For the study, published in American Sociological Review, Purdue University professor Trenton D. Mize and Indiana University grad student Bianca Manago asked people about their reactions to hypothetical scenarios where someone who had only slept with or dated people of the opposite gender had sex with someone of the same gender. When this person was female, 51 percent of subjects thought she was still straight. When the main character of the story was male, however, only 31 percent considered him straight. When people read stories about someone who'd had same-sex encounters followed by one opposite-sex one, the same thing happened: People judged more women than men as straight.
Mize and Manago believe this pattern occurred because heterosexual men enjoy a privileged status that is rigidly defined. "We introduce the concept of precarious sexuality to suggest that men’s — but not women’s — heterosexuality is an especially privileged identity that is easily lost," the study reads. Here's why the authors found what they did and what the study says about societal norms regarding gender and sexuality.
The Higher A Group's Status, The More Their Identity Is Policed
The crux of the theory Mize and Manago put forth is that, since heterosexual men are considered the highest-status group in society, their identity is the most harshly policed. Straight men have a higher social standing than men of other sexual orientations, as well as women, while there isn't as much of a status difference between women of different sexual orientations. (Women are considered pretty low-status no matter who they sleep with, in case you haven't noticed). So, by engaging in a behavior inconsistent with their status, straight men who hook up with men are threatening the order of society.

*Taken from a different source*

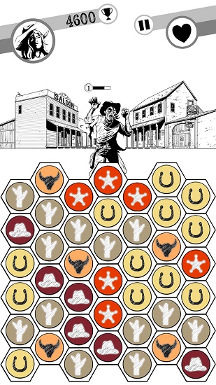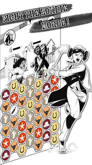 在一座西部城镇里,许多居民由于受到不明病毒的感染变成了僵尸,玩家作为幸存者要想办法消灭不断袭来的僵尸,每消除一次方块就能对僵尸造成一次伤害,消除的方块越多造成的伤害也就越大。玩家还可以强化角色来让自己获得更多的分数

"By setting strict boundaries around what is “acceptable” high status behavior, the high status designation is able to remain high status and beneficial," Mize and Manago tell Bustle. "One way of doing this is to discourage and punish any low-status behavior from a high status person."

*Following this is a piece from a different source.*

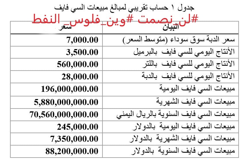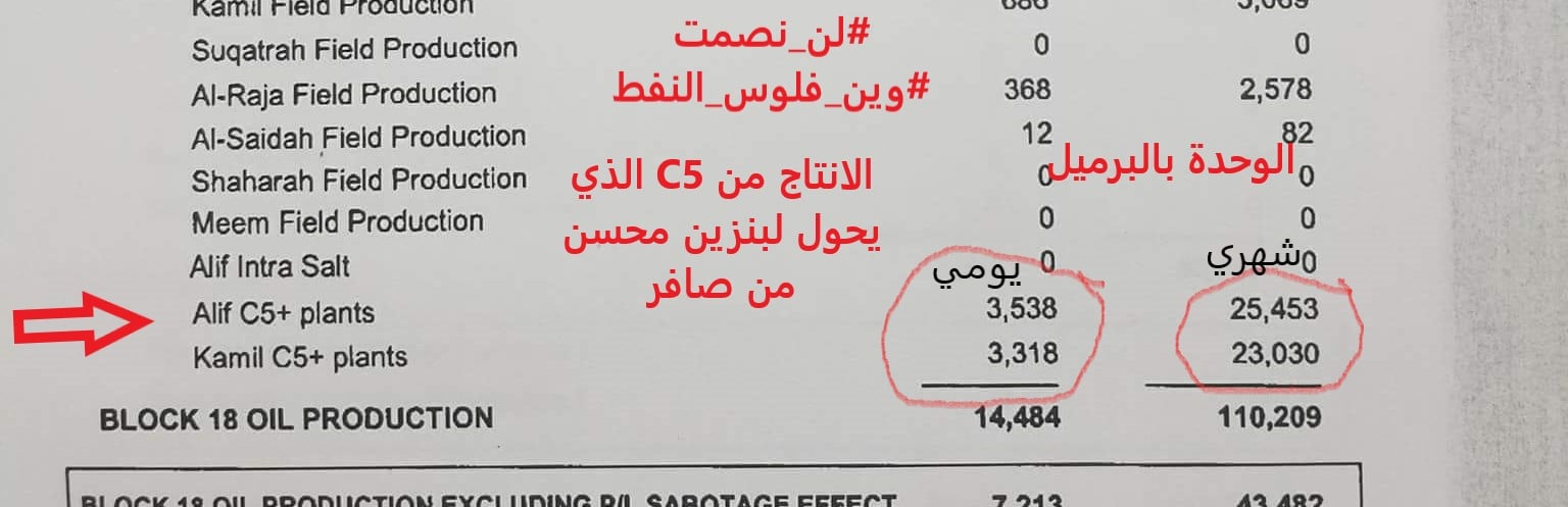 وأوضحت الكشوفات، أن الإنتاج اليومي من البنزين المحسن (C5) من صافر، يبلغ 3300 – 3500 برميل.

This Is A Problematic Double Standard
One problem with these judgements is that the men and women in the stories were doing the same thing, yet they were judged differently. In general, men often face harsher consequences for engaging in same-sex sexual encounters.
"We have a societal ideal that people will judge someone based on what they do — rather than based on whether they are a man or a woman," Mize and Manago say. "Therefore, these judgements could be problematic because men and women are treated differently for the same exact behavior."
They add that these judgments could have real-life consequences. "If men and women intuitively understand what our study shows — that men’s heterosexuality is more easily questioned than women’s heterosexuality — then this could have important implications for their behavior," they say. "For example, if a man was romantically interested in another man, he may be less likely to act on that interest if he knows it may undermine any ability to claim to be heterosexual in the future."
The Only Person Who Gets To Define Your Identity Is You
Ultimately, no matter what someone's gender is or who they sleep with, they alone get to say what their sexual orientation is. Even if someone has only been with the opposite gender, for example, they could still be gay if they say they are. Identity is completely personal.
So, we shouldn't be judging men's and women's sexual orientation by different standards. But more than that, we shouldn't be judging them at all.